L’épris de liberté

L’élève-avocat de 25 ans, se lance avec ce qu’il est, avec ce qu’il croit, dans une aventure politique au service de ses concitoyens.

Ladislas

« Aime et fais ce qu’il te plait », la maxime de St Augustin le porte et l’emporte dans le tourbillon du quotidien. Il s’appelle Ladislas Skura, 25 ans, élève-avocat et candidat tête de liste aux municipales à Guyancourt (78).

De cette phrase antique, éminemment simple et puissante, il se nourrit pour avancer. L’amour comme unique cadrage avec lequel il se façonne.

« Détermination, Passion et Empathie. » Un rythme ternaire qui le définit. Ses passions sont multiples allant de son métier à la philosophie, en passant par le droit et surtout les gens. Ce féru de débats « adore échanger avec les autres ». Apprendre et grandir en découvrant. Sa dernière gourmandise ? Le dernier album de Benjamin Biolay, « un vrai poète » selon Ladislas.

Syncrétique, il se plait à approfondir des univers variés. Avec un enthousiasme certain, Ladislas évoque la piscine municipale de Guyancourt pratiquée en compétition lors de ses années de brassiste. D’un ton amusé, il déclare « je vais là où je m’éclate ! ». Les sentiers battus, les figures imposées ne sont pas son truc. Bien au contraire, se refusant de céder au normatif, il délaisse la voie royale pour la singularité. Définitivement, il avance, de façon indépendante avec sa soif de défi et de challenge.

Et justement la politique, un défi de plus ? Il est affirmatif. Pour le candidat UMP de Guyancourt : « Tout le paysage politique est à construire ici ». Et il y attache de l’importance. Ce lieu lui est particulièrement cher, « c’est ma ville » insiste-t-il. « J’y suis né, j’y ai ma famille, mes amis, j’ai grandi ici. Je suis un enfant de Guyancourt ». Le Guyancourtois entend porter haut les valeurs de sa ville. Avec une empathie certaine, il se confie sur ses difficultés passées, une enfance heureuse mais compliquée. Il se confie volontiers aussi sur ce qui l’anime, le pousse à se dépasser toujours davantage. Un moment qui le porte ? Instinctivement, il répond « le terrain ». Cette sincérité mise au service des gens, cette leçon où chaque jour est synonyme de remise en question, d’apprentissage. Car l’envie d’apprendre, il connait.

Le mot travail ne l’effraie pas. Bien au contraire. Un brillant parcours : la Sorbonne, Assas, puis il décroche le Barreau parisien, « sa fierté ». Et un tremplin, « le début d’une nouvelle aventure ». Un chemin de vie qu’il écrit, peu à peu. D’ailleurs, l’écriture, il n’y est pas insensible. Le grain des mots l’émeut. Les mots mais aussi les idées. Il cite Max Weber, mais aussi cette grande Dame : Hannah Arendt « pour ce qu’elle est, son histoire, son œuvre et son travail... ». Fin littéraire, il est adepte de l’histoire politique. Il avoue avoir particulièrement étudié Le Prince de Nicolas Machiavel dont les textes résonnent dans son quotidien. Nourri de ces grandes figures, il entend être acteur de sa vie en se moquant des paillettes et des standards. Il préfère placer ses convictions au-dessus de tout. « Si tu ne vas pas au bout de tes convictions, c’est raté », lance-t-il.

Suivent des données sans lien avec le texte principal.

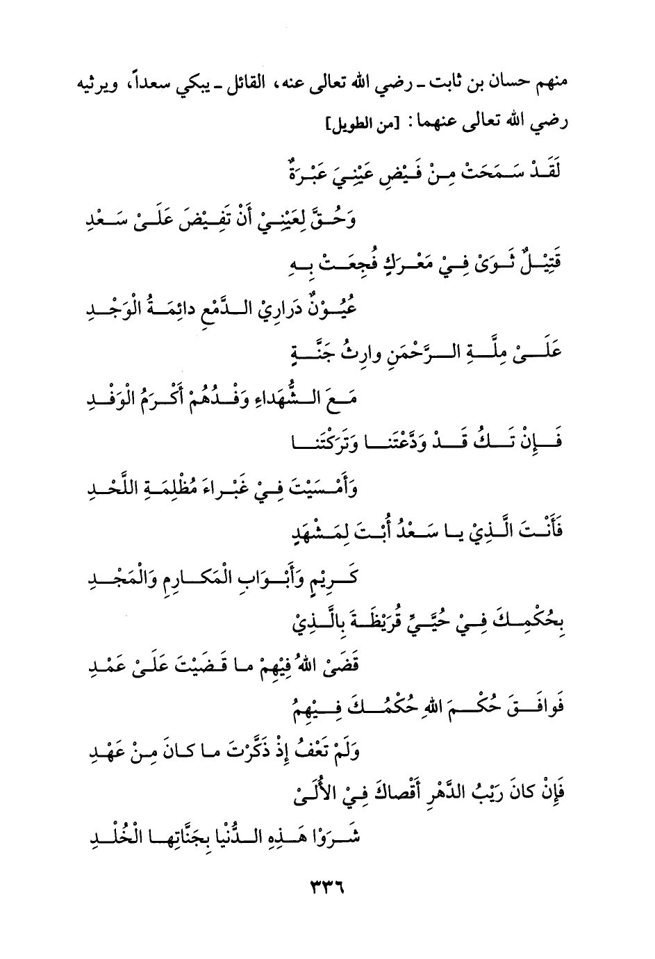 لَقَدْ سَمَحَتْ مِنْ فَيْضِ عَيْنيَ عَبْرَةٌ ... وَحُق لِعَيْنيْ أَنْ تَفِيْضَ عَلَىْ سَعْدِ
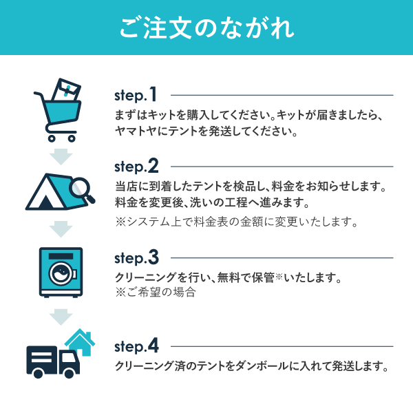 ヤマトヤクリーニングにテントをクリーニング&保管をする場合は以下のような流れで進めていきます。

Des convictions  et des émotions. L’art, la photographie ne le laisse pas indifférent. L’émotion est là. Un petit plaisir culinaire du quotidien ? Il ne cite aucuns plats grandiloquents. Bien au contraire, il me répond un met d’une simplicité extrême : « du pain », avec quelques « carrés de chocolats amers » lance-t-il amusé. D’ailleurs, il sourit à maintes reprises dans la vie de tous les jours. « Le sourire, c’est important, c’est la chaleur humaine ». Et ce sourire est encore là, lorsqu’il évoque la mythique ville de New-York. Un lieu dont il n’a pas encore perçu le mystère, « c’est peut-être pour cela d’ailleurs qu’elle me plait tant ? ». Il s’interroge quelques instants. Cette ville pour ce qu’elle représente, le symbole de l’accueil, de l’aventure, une ville universelle et cosmopolite. Un endroit, où le paraitre importe peu, où l’on va au-delà des idées reçues. Les gens y sont libres, la chaleur humaine est permanente. Un tremplin pour trouver l’essence : « cette moelle secrète de la vie qui git dans le cœur ». Ce qui le rend heureux ? « Un diner avec ma maman, ma sœur et mes amis ». Avec une intégrité et un courage certain, Ladislas Skura saisit l’instant présent avec intensité. D’ailleurs, le prénom « Ladislas » signifie en slave « chef victorieux », une coïncidence?